### Goal of the exercise
Give back every line of the data exactly. Pictures are not part of the copy.

### Source data
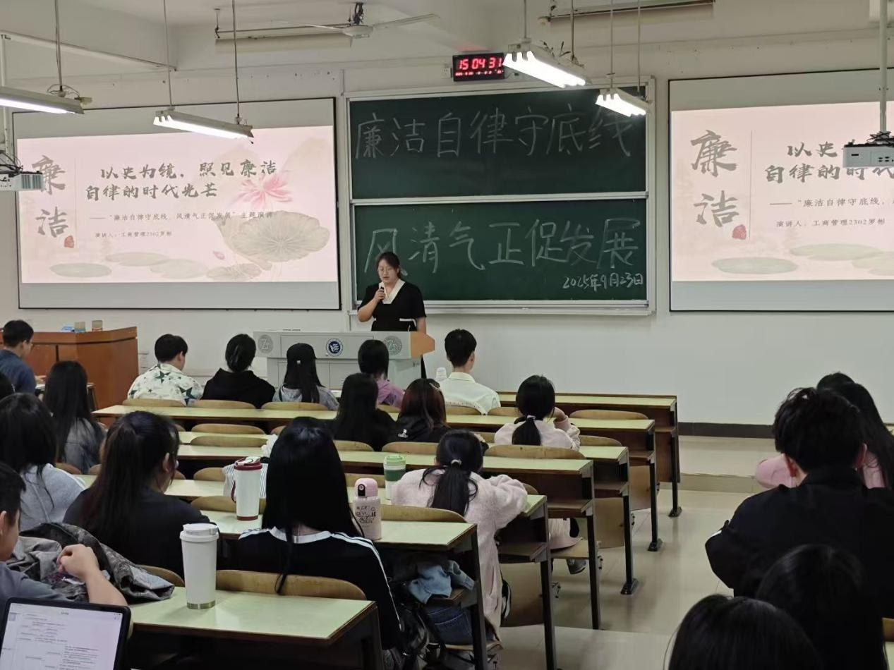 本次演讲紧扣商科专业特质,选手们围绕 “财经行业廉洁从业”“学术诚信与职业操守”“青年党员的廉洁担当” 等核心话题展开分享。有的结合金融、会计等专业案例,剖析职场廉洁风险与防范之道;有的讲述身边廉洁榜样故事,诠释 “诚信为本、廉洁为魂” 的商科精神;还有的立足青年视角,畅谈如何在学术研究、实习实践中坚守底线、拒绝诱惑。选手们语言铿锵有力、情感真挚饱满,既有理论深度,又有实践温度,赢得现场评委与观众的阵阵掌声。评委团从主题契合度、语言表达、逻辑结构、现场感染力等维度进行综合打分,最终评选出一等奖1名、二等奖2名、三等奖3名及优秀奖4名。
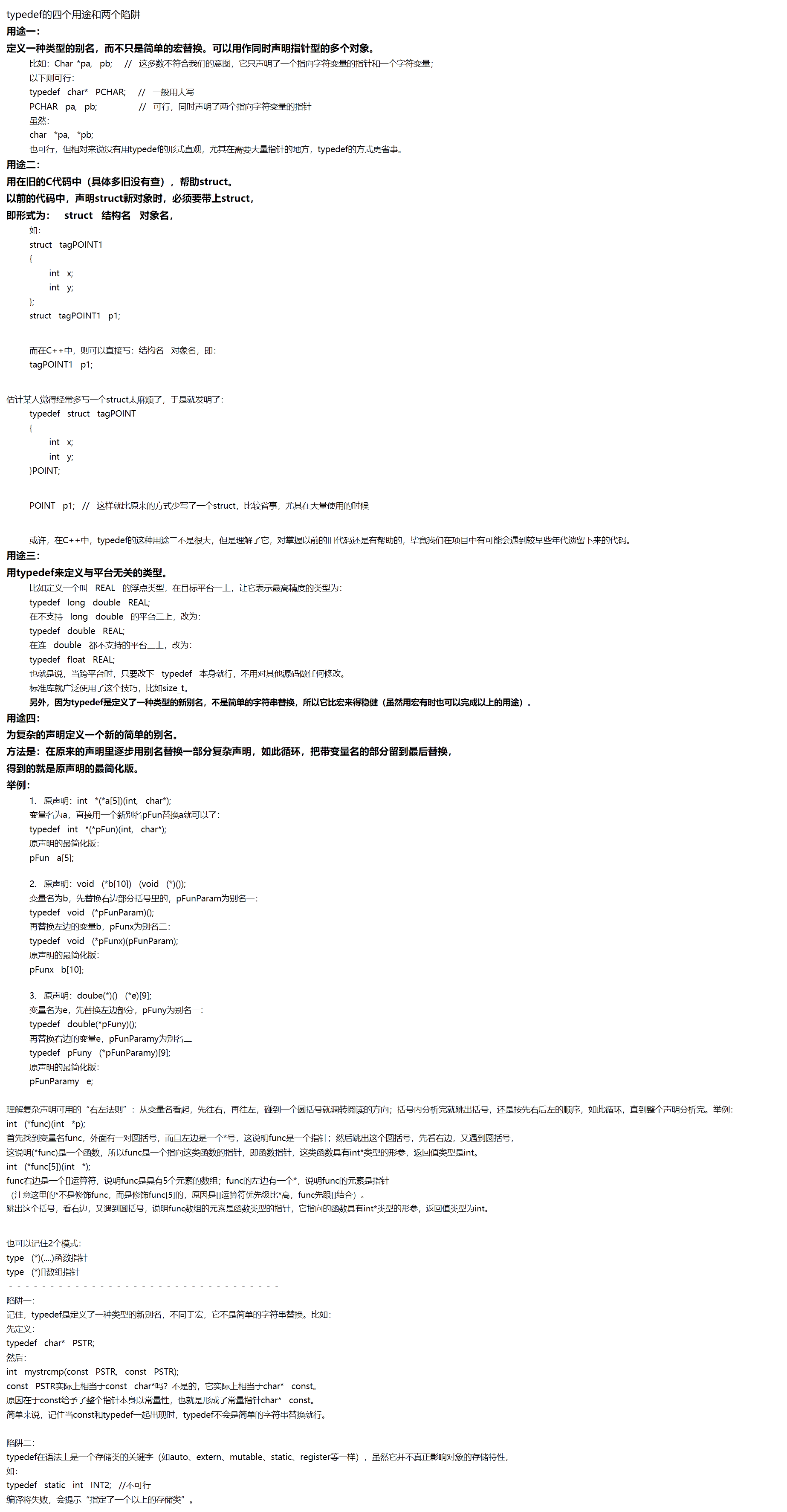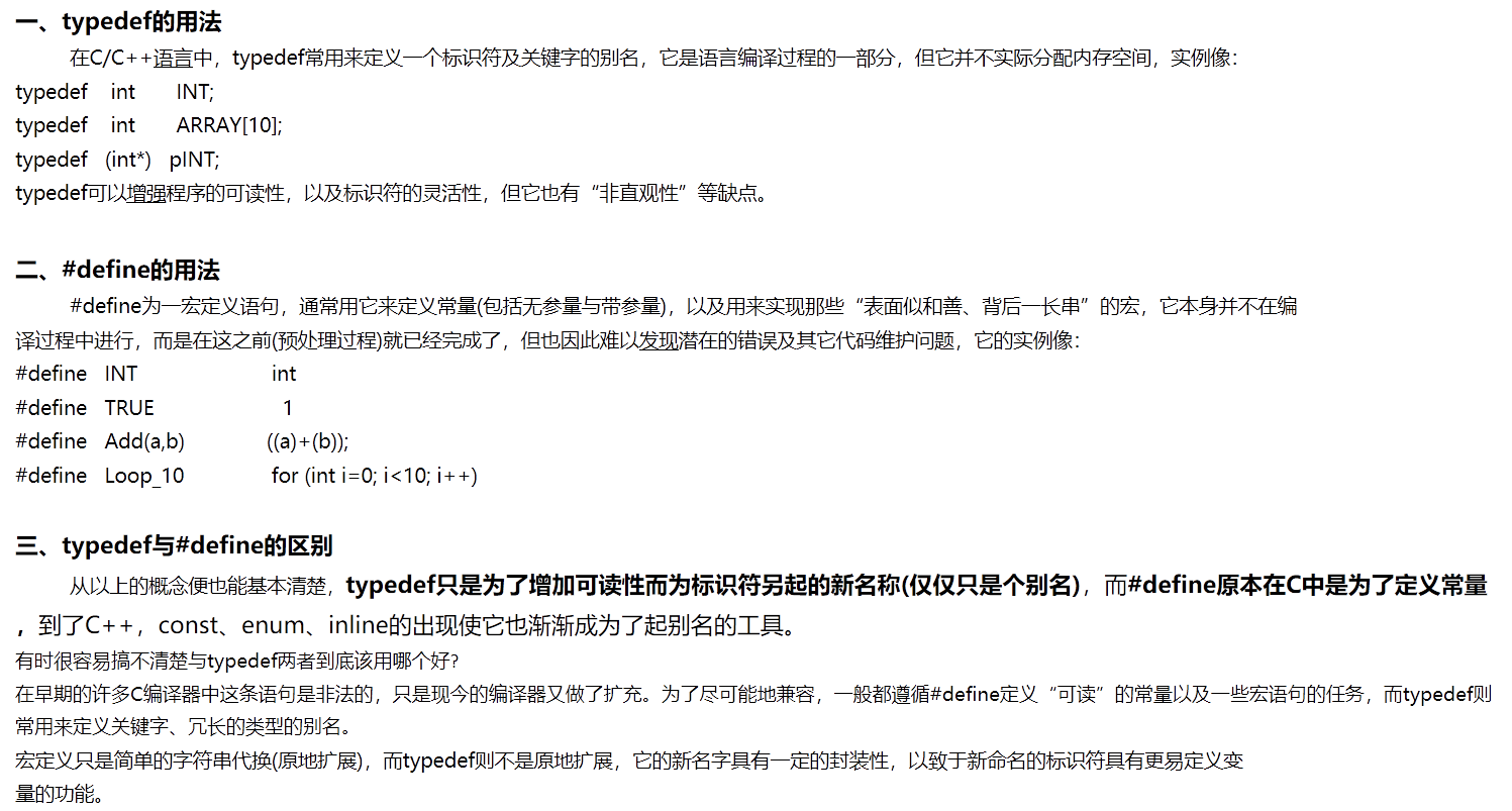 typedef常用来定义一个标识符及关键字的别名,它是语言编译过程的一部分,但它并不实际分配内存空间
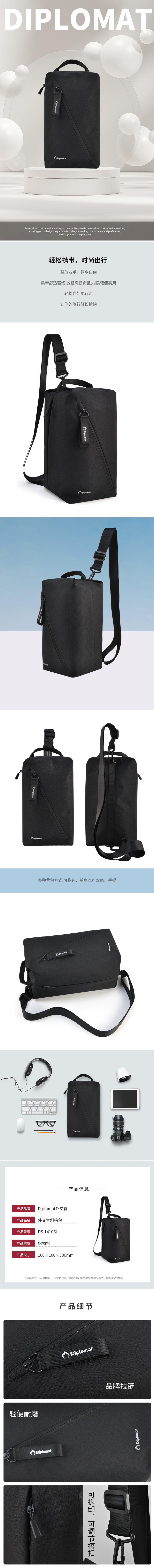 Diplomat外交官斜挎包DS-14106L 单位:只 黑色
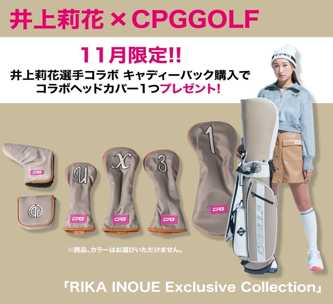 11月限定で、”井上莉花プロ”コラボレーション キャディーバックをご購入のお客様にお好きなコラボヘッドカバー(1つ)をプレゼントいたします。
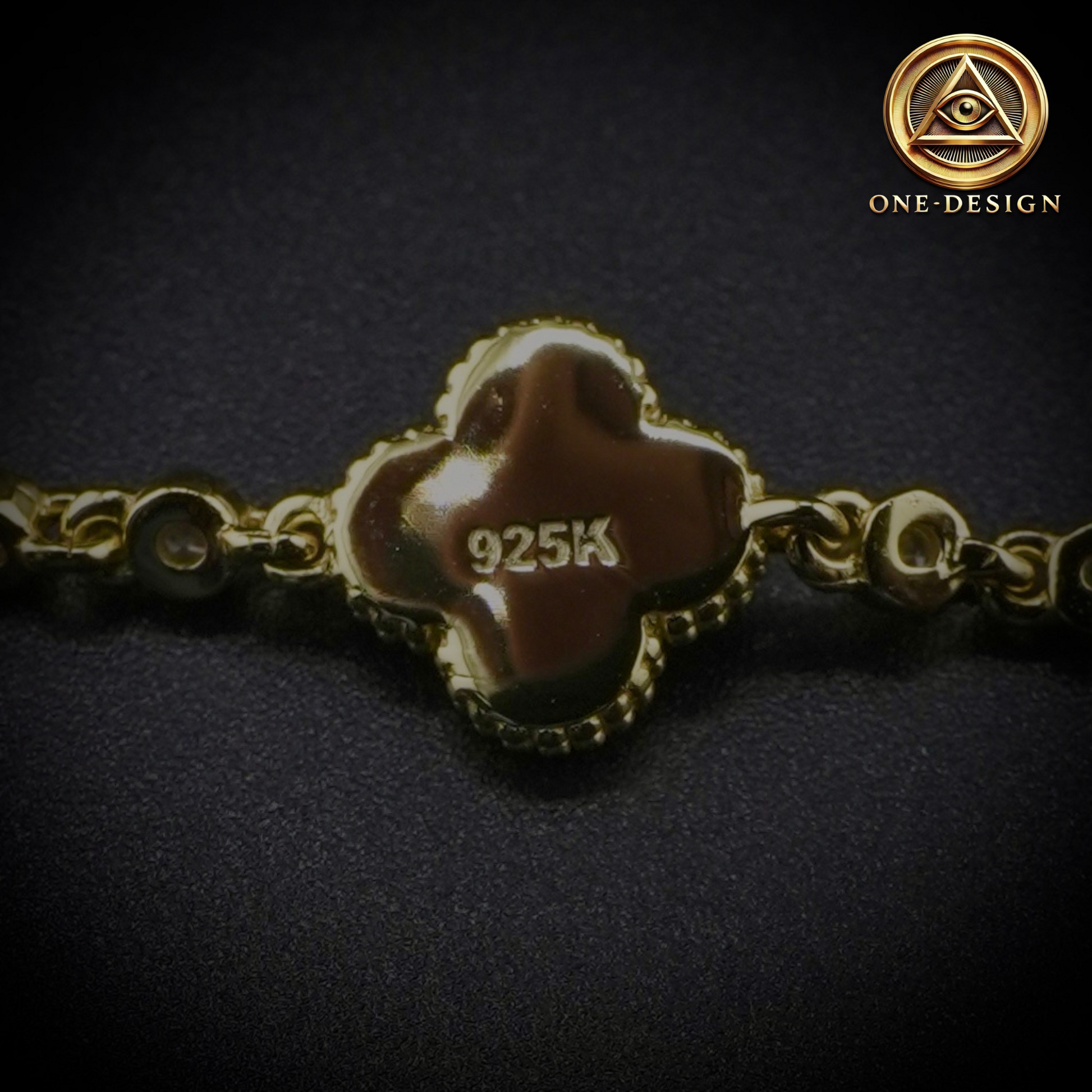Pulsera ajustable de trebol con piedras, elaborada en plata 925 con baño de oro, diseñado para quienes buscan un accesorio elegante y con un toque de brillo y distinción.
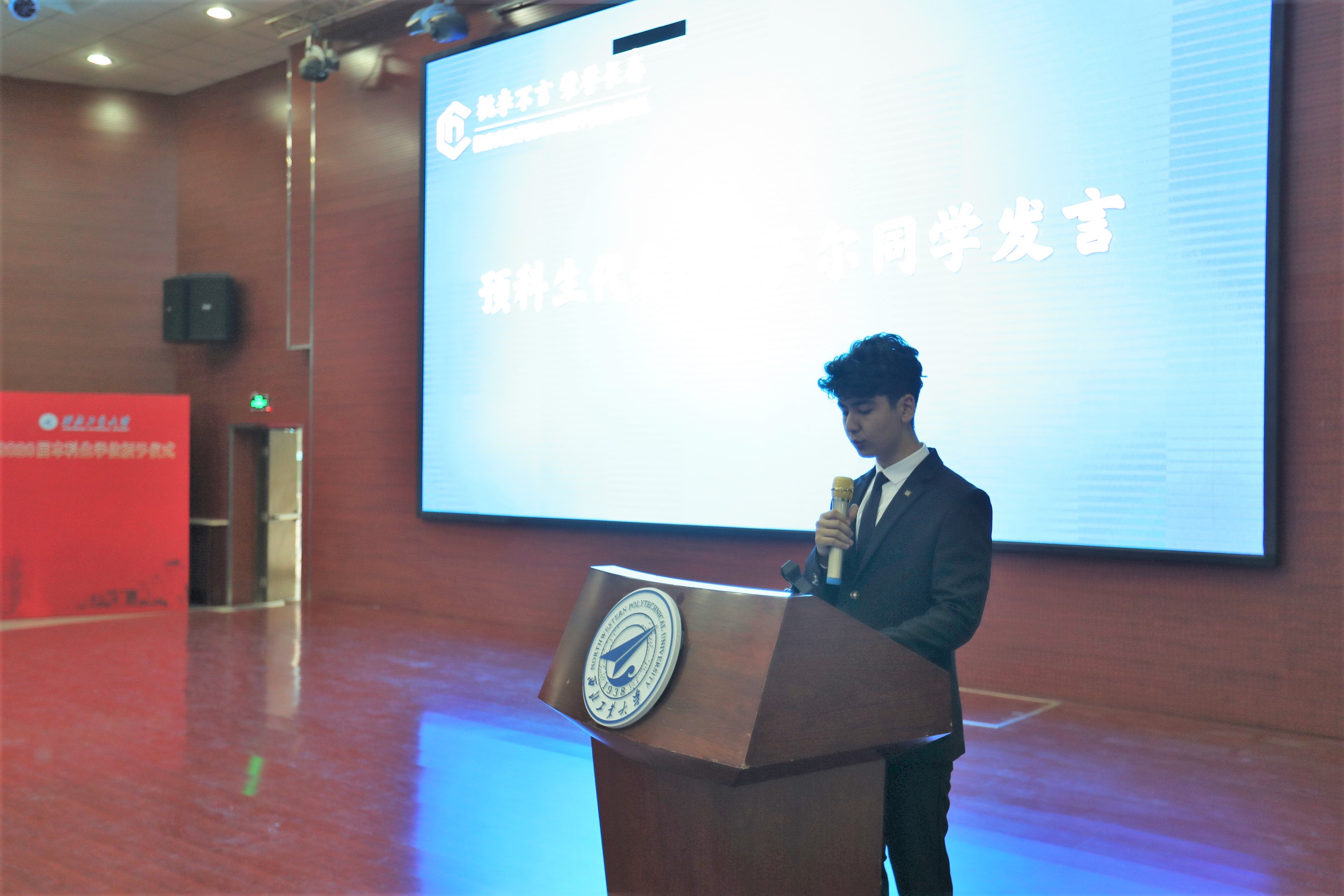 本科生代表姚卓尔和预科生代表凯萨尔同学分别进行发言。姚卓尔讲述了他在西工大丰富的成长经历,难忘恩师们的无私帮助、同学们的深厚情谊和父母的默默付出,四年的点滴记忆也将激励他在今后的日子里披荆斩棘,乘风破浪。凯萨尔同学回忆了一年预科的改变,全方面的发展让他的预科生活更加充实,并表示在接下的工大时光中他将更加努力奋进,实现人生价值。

### Finished task
 本次演讲紧扣商科专业特质,选手们围绕 “财经行业廉洁从业”“学术诚信与职业操守”“青年党员的廉洁担当” 等核心话题展开分享。有的结合金融、会计等专业案例,剖析职场廉洁风险与防范之道;有的讲述身边廉洁榜样故事,诠释 “诚信为本、廉洁为魂” 的商科精神;还有的立足青年视角,畅谈如何在学术研究、实习实践中坚守底线、拒绝诱惑。选手们语言铿锵有力、情感真挚饱满,既有理论深度,又有实践温度,赢得现场评委与观众的阵阵掌声。评委团从主题契合度、语言表达、逻辑结构、现场感染力等维度进行综合打分,最终评选出一等奖1名、二等奖2名、三等奖3名及优秀奖4名。
 typedef常用来定义一个标识符及关键字的别名,它是语言编译过程的一部分,但它并不实际分配内存空间
 Diplomat外交官斜挎包DS-14106L 单位:只 黑色
 11月限定で、”井上莉花プロ”コラボレーション キャディーバックをご購入のお客様にお好きなコラボヘッドカバー(1つ)をプレゼントいたします。
Pulsera ajustable de trebol con piedras, elaborada en plata 925 con baño de oro, diseñado para quienes buscan un accesorio elegante y con un toque de brillo y distinción.
 本科生代表姚卓尔和预科生代表凯萨尔同学分别进行发言。姚卓尔讲述了他在西工大丰富的成长经历,难忘恩师们的无私帮助、同学们的深厚情谊和父母的默默付出,四年的点滴记忆也将激励他在今后的日子里披荆斩棘,乘风破浪。凯萨尔同学回忆了一年预科的改变,全方面的发展让他的预科生活更加充实,并表示在接下的工大时光中他将更加努力奋进,实现人生价值。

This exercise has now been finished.